- _Problem statement_:
Transcribe each line of the records below exactly, excluding any embedded images.

- _Extracted records_:
○ ○ ○ ○
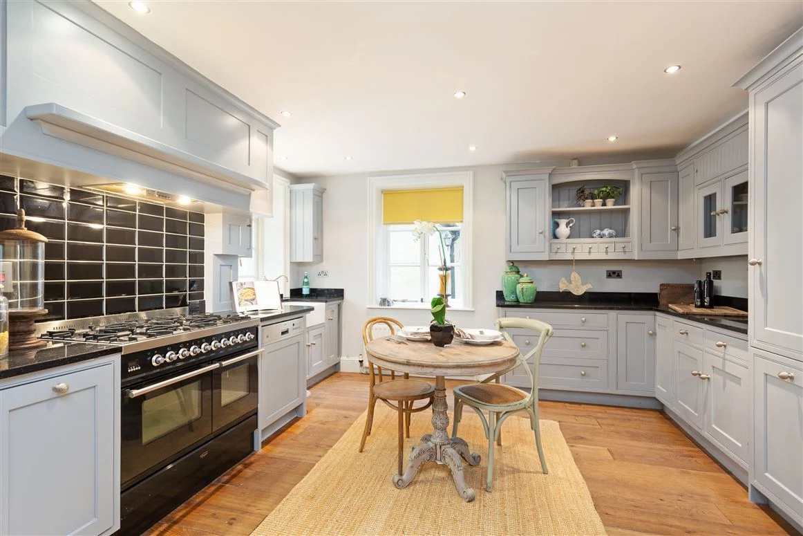 Past the central staircase is the kitchen, a bright and airy room with a beautiful grey country kitchen and stove, as well as a casual dining area. There is also a large utility room tucked away.
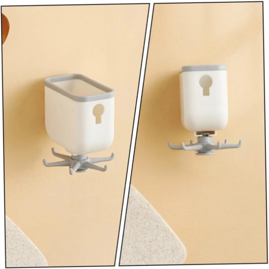 DÖNER ASKILI ORGANİZERÜrün Özellikleri Döner Askılı Organizer, kullanışlı yapısıyla her alanda işinizi kolaylaştırır. Üst kısmında sünger, tel ya da küçük temizlik ürünleri gibi eşyaları koymak için uygun bir hazne bulunur. Alt kısmında ise 360° dönebilen askı kancaları yer alır. Döner mekanizma, 4 adet askı ile bez, fırça, eldiven, kepçe gibi eşyaların düzenli bir şekilde asılmasını sağlar. Vidalama gerektirmez ve güçlü yapışkanlı yüzeyi sayesinde düz yüzeylere kolayca monte edilebilir. Dayanıklı, nemden etkilenmeyen kaliteli plastikten üretilmiştir. Minimal tasarımı ile banyo, mutfak ve diğer alanlar için uyumlu bir dekorasyon unsuru oluşturur. Mutfak, banyo, çamaşır odası, temizlik dolabı gibi çeşitli alanlarda kullanıma uygundur. Paket İçeriği 1 Adet Döner Askılı Organizer
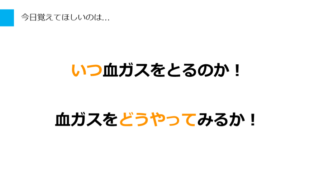 #4. いつ血ガスをとるのか! 今日覚えてほしいのは… 血ガスをどうやってみるか!
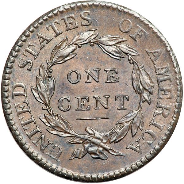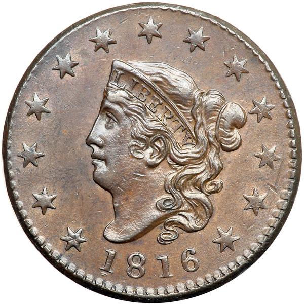 1816 Coronet Head Cent. PCGS graded MS-63 Brown. Choice lustrous medium brown and chocolate with frosty light brown toning in protected areas and tiny splashes of slightly darker steel brown toning sprinkled about the reverse. Just a hint of rub on the highest points of the design. Excellent eye appeal with only a few trivial marks, including a dull nick high on the neck and a couple light marks near the dentils between stars 11 & 12. EDS. The fields are smooth and satiny, the fine die lines over AME are visible, the repunching on the lower half of the D in UNITED is strong, and the dash between the C & A in AMERICA is bold. Plated in the Wright book to illustrate the variety. Called MS60 and tied for CC#5 in the Noyes census, his photo #28104. Our grade is AU58. Pop 1; 2 in 64; 1 in 66. Only 4 graded at PCGS for the variety. DWH #3113 (PCGS # 36532) .
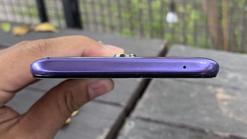 Với tính năng cạnh viền trong suốt, cạnh dưới máy lần lượt có cổng tai nghe 3,5 mm, mic thoại, cổng sạc micro-USB, loa ngoài.
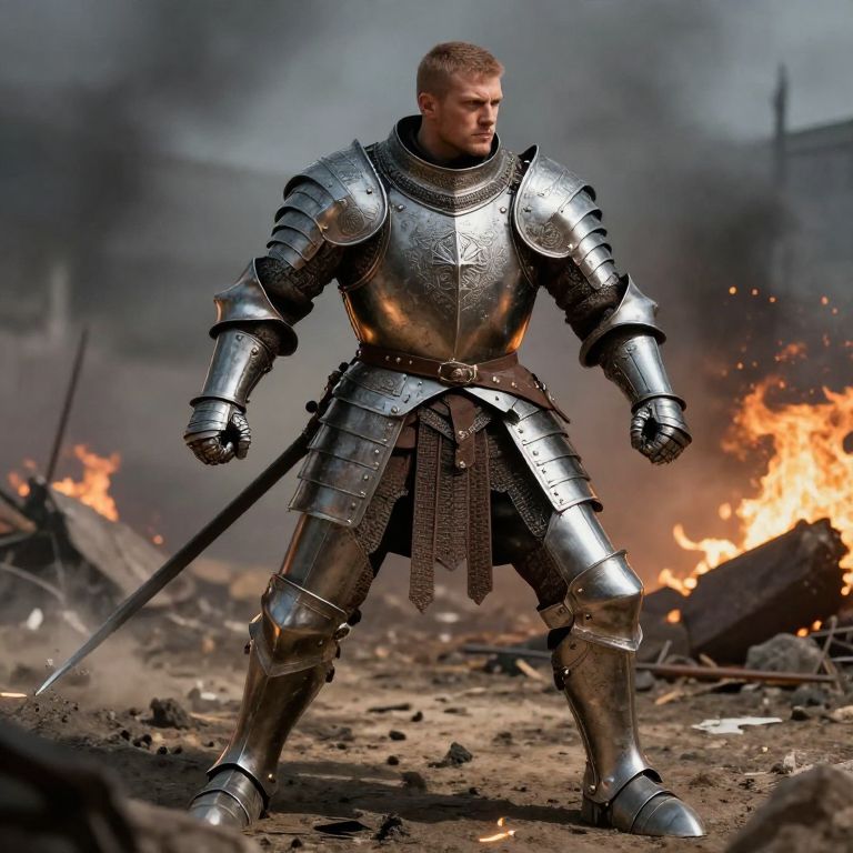 Photograph of a muscular, young, blond male knight in shiny, silver armor standing in a battle-scarred, smoky field with burning wreckage
○ ○ ○ ○
- _Written solution_:
 Past the central staircase is the kitchen, a bright and airy room with a beautiful grey country kitchen and stove, as well as a casual dining area. There is also a large utility room tucked away.
 DÖNER ASKILI ORGANİZERÜrün Özellikleri Döner Askılı Organizer, kullanışlı yapısıyla her alanda işinizi kolaylaştırır. Üst kısmında sünger, tel ya da küçük temizlik ürünleri gibi eşyaları koymak için uygun bir hazne bulunur. Alt kısmında ise 360° dönebilen askı kancaları yer alır. Döner mekanizma, 4 adet askı ile bez, fırça, eldiven, kepçe gibi eşyaların düzenli bir şekilde asılmasını sağlar. Vidalama gerektirmez ve güçlü yapışkanlı yüzeyi sayesinde düz yüzeylere kolayca monte edilebilir. Dayanıklı, nemden etkilenmeyen kaliteli plastikten üretilmiştir. Minimal tasarımı ile banyo, mutfak ve diğer alanlar için uyumlu bir dekorasyon unsuru oluşturur. Mutfak, banyo, çamaşır odası, temizlik dolabı gibi çeşitli alanlarda kullanıma uygundur. Paket İçeriği 1 Adet Döner Askılı Organizer
 #4. いつ血ガスをとるのか! 今日覚えてほしいのは… 血ガスをどうやってみるか!
 1816 Coronet Head Cent. PCGS graded MS-63 Brown. Choice lustrous medium brown and chocolate with frosty light brown toning in protected areas and tiny splashes of slightly darker steel brown toning sprinkled about the reverse. Just a hint of rub on the highest points of the design. Excellent eye appeal with only a few trivial marks, including a dull nick high on the neck and a couple light marks near the dentils between stars 11 & 12. EDS. The fields are smooth and satiny, the fine die lines over AME are visible, the repunching on the lower half of the D in UNITED is strong, and the dash between the C & A in AMERICA is bold. Plated in the Wright book to illustrate the variety. Called MS60 and tied for CC#5 in the Noyes census, his photo #28104. Our grade is AU58. Pop 1; 2 in 64; 1 in 66. Only 4 graded at PCGS for the variety. DWH #3113 (PCGS # 36532) .
 Với tính năng cạnh viền trong suốt, cạnh dưới máy lần lượt có cổng tai nghe 3,5 mm, mic thoại, cổng sạc micro-USB, loa ngoài.
 Photograph of a muscular, young, blond male knight in shiny, silver armor standing in a battle-scarred, smoky field with burning wreckage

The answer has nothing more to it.